Volodymyr Zelensky a indiqué vendredi à l'AFP avoir rejeté l'idée de "trêve" pendant la durée des Jeux olympiques de Paris en été que souhaitait le président français Emmanuel Macron.
"J'ai dit : Emmanuel, nous n'y croyons pas. Imaginons une seconde qu'il y ait un cessez-le-feu. D'abord, on ne fait pas confiance à Poutine. Deuxièmement, il ne va pas retirer ses troupes. Troisièmement, (...) dis-moi Emmanuel, ai-je dit, qui garantit que la Russie ne va pas en profiter pour faire venir ses troupes sur notre territoire", a raconté M. Zelensky, rejetant une "trêve qui ferait le jeu de l'ennemi".
Dans son entretien à l'AFP, Volodymyr Zelensky a reconnu un manque d'effectifs. "Il y a un nombre important de brigades qui sont vides", a-t-il dit.
Au total, l'Ukraine n'a qu'un quart des systèmes de défense antiaérienne dont elle a besoin et nécessite au total 120 à 130 avions de combat F16 pour mettre fin à la domination de la Russie dans les airs, a déclaré le chef de l'État.
Dans un entretien exclusif à l'AFP, le président ukrainien Volodymyr Zelensky a dit s'attendre à une offensive russe plus large dans le nord et dans l'est qui viserait à prendre Kharkiv. "Ils ont lancé leur opération, elle peut être constituée de plusieurs vagues. Et ça c'est leur première vague", a assuré vendredi M. Zelensky.
Il a néanmoins assuré que, malgré les avancées russes des derniers jours dans la région de Kharkiv, la situation était meilleure pour ses forces qu'il y a une semaine, lorsque les troupes du Kremlin ont franchi par surprise la frontière.
"Nous voulons que la guerre se termine par une paix juste pour nous", a-t-il dit, "et l'Occident veut juste que la guerre s'arrête, aussi vite que possible". En outre, le déploiement de nouvelles livraisons d'armes occidentales pourrait prendre encore des mois durant lesquels il y a un risque de "percées" russes dans certains secteurs, a déclaré M. Zelensky. Mais "personne ne va abandonner (le combat en Ukraine).
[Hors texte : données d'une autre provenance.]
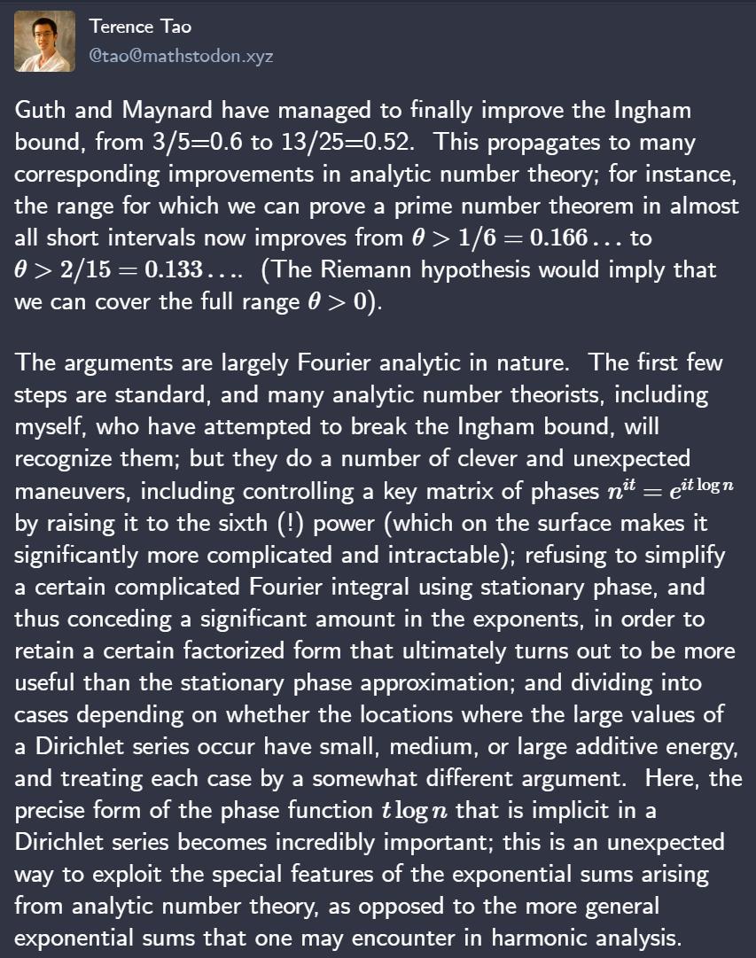 Guth 和 Maynard 最终改进了 Ingham 边界,从 3/5=0.6 提高到 13/25=0.52。这在解析数论中产生了许多相应的改进,例如,研究者可以在几乎所有短区间内证明素数定理的范围,现在从 θ>1/6=0.166… 到 θ>2/15=0.133…
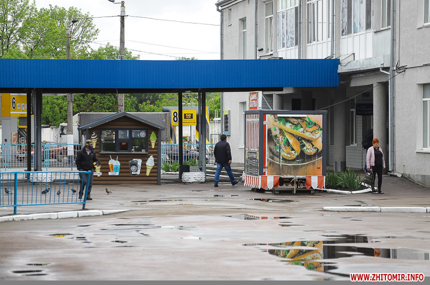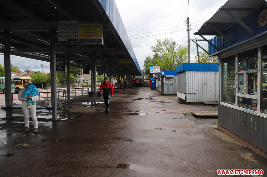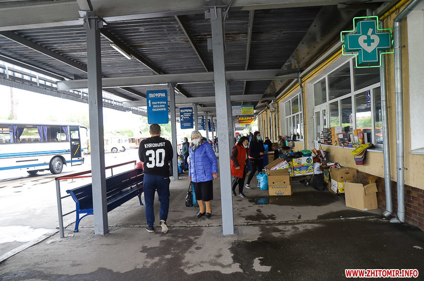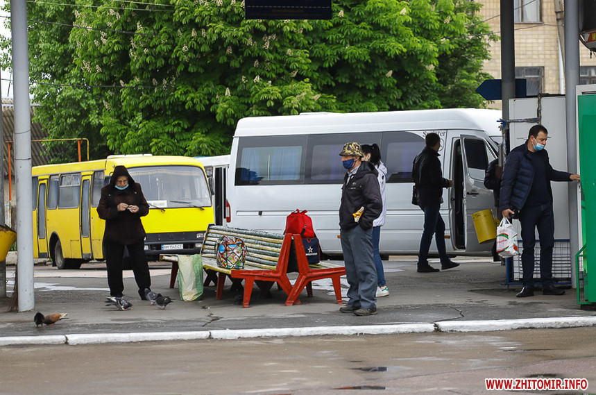 25 травня на центральному автовокзалі Житомира не велелюдно. Поодинокі пасажири в масках чекають на свій рейс. Автобуси їздять лише в межах Житомирської області. Запрацювали і деякі кіоски.
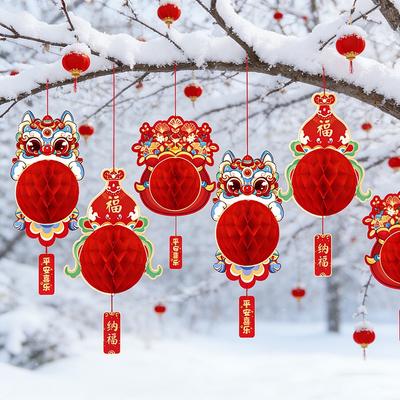 Honeycomb Character Decor Year Decoration Garland Decorative Red Paper Ornaments for Living Room
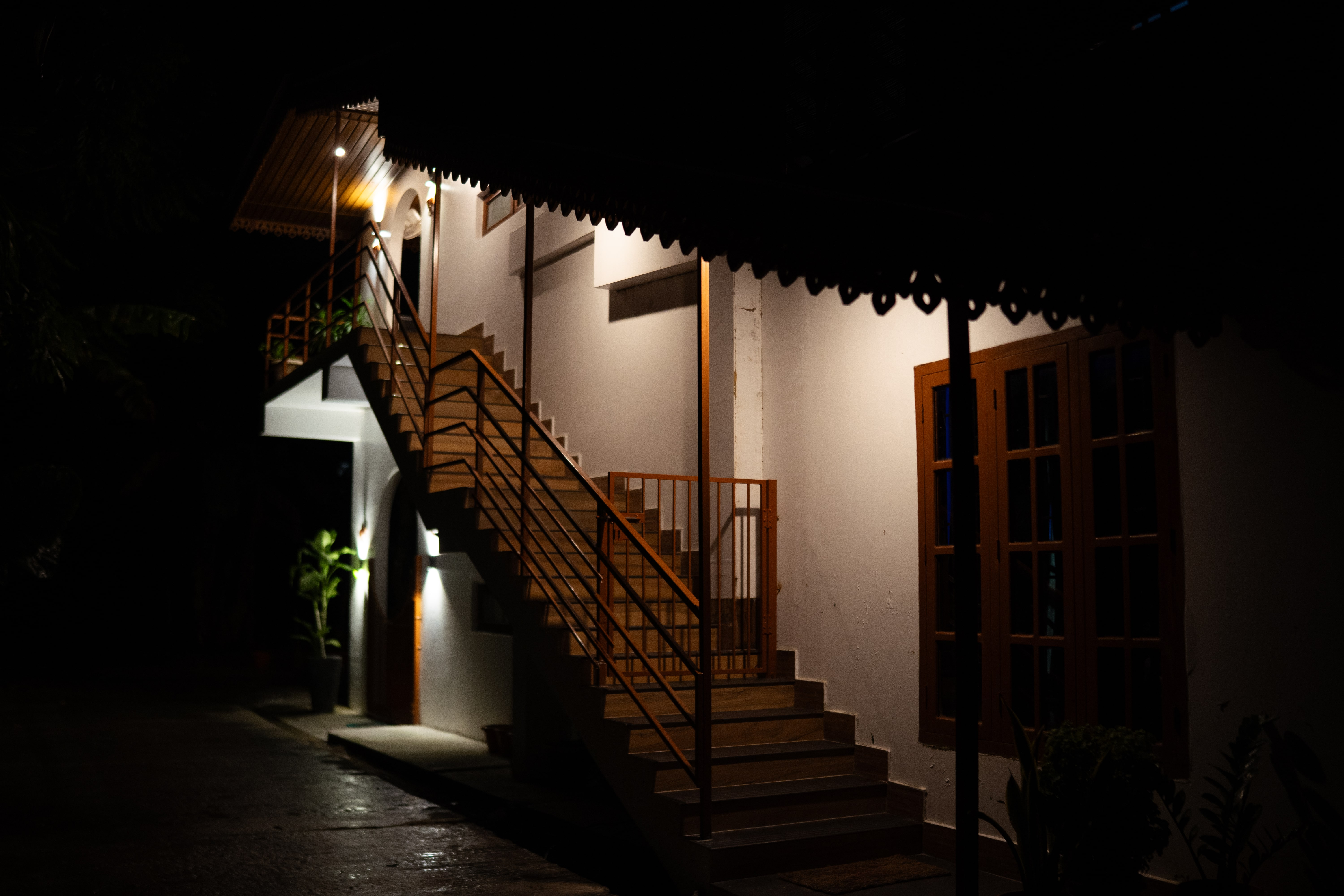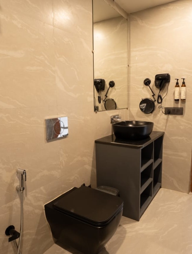 Each room is private, with its own entrance and attached bathroom. Some rooms include a personal kitchen for guests who enjoy cooking. Every room is air-conditioned and equipped with a geyser, fresh towels, toiletries, and regularly changed bedding. Extra mattresses are available on request.
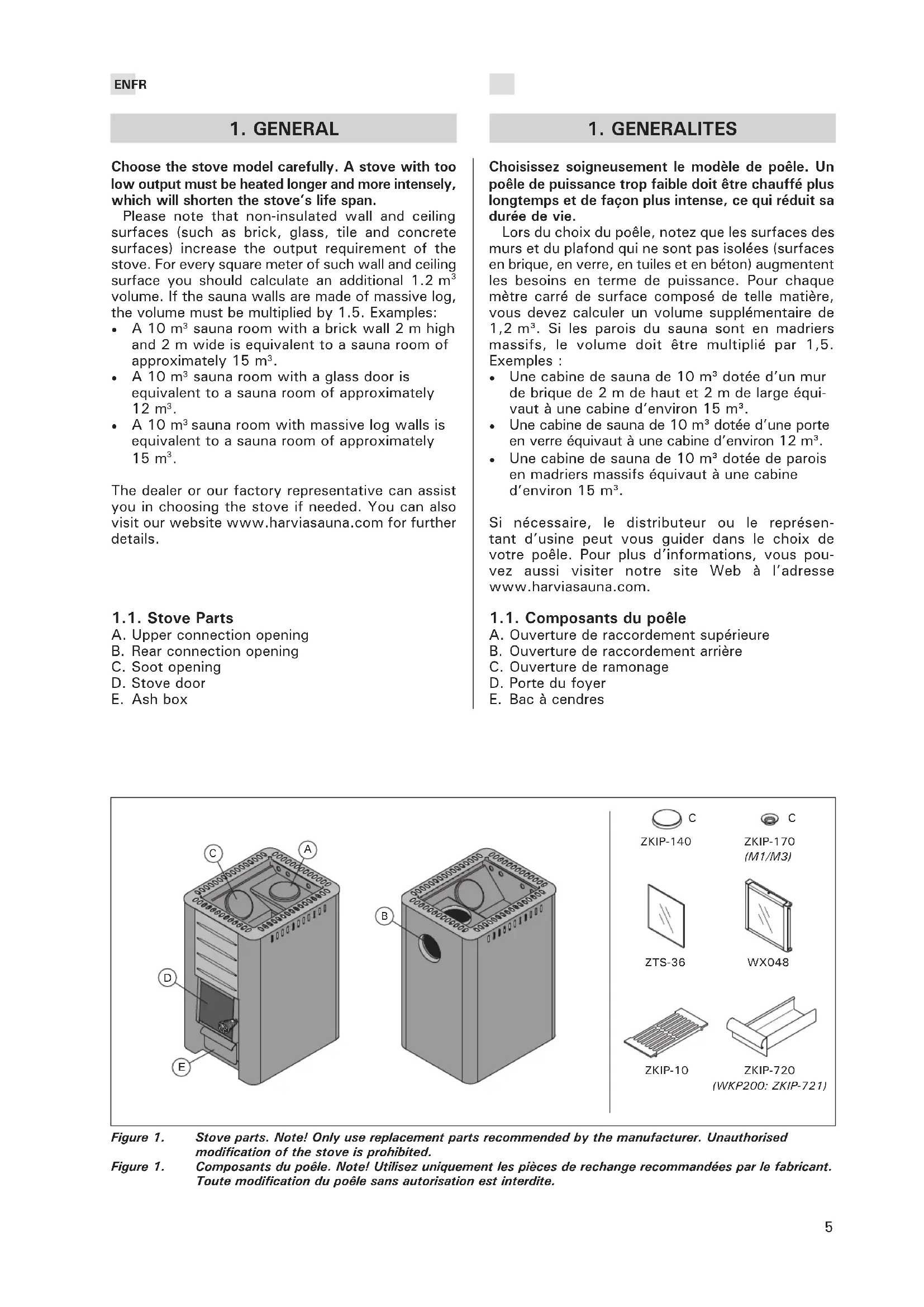 - Une cabine de sauna de 10 m³ dotée de parois en madriers massifs équivaut à une cabine d’environ 15 m³. Si nécessaire, le distributeur ou le représen- tant d’usine peut vous guider dans le choix de votre poêle. Pour plus d’informations, vous pou- vez aussi visiter notre site Web à l’adresse www.harviasauna.com. 1.1. Composants du poêle A. Ouverture de raccordement supérieure B. Ouverture de raccordement arrière C. Ouverture de ramonage D. Porte du foyer E. Bac à cendres Choose the stove model carefully. A stove with too low output must be heated longer and more intensely, which will shorten the stove’s life span. Please note that non-insulated wall and ceiling surfaces (such as brick, glass, tile and concrete surfaces) increase the output requirement of the stove. For every square meter of such wall and ceiling surface you should calculate an additional 1.2 m

Je suis sûr que, quelles que soient les difficultés rencontrées et les percées réalisées, il n'y aura toujours pas de percée globale", a soutenu le chef de l'État.
Bonjour à toutes et à tous dans ce direct du samedi 18 mai consacré à la guerre en Ukraine.
De son côté, l'Ukraine a dit que les forces russes étaient en train de détruire la ville de Vovtchansk et qu'elles continuaient d'avancer dans la région. Quelque 200 civils restent sur place, d'après la même source, alors que la ville, située à une cinquantaine de kilomètres de Kharkiv, la capitale régionale, comptait quelque 18.000 habitants avant-guerre. L'armée russe a souvent fini par détruire les villes ukrainiennes pour les conquérir, à l'instar de Bakhmout l'an passé ou Avdiïvka en février.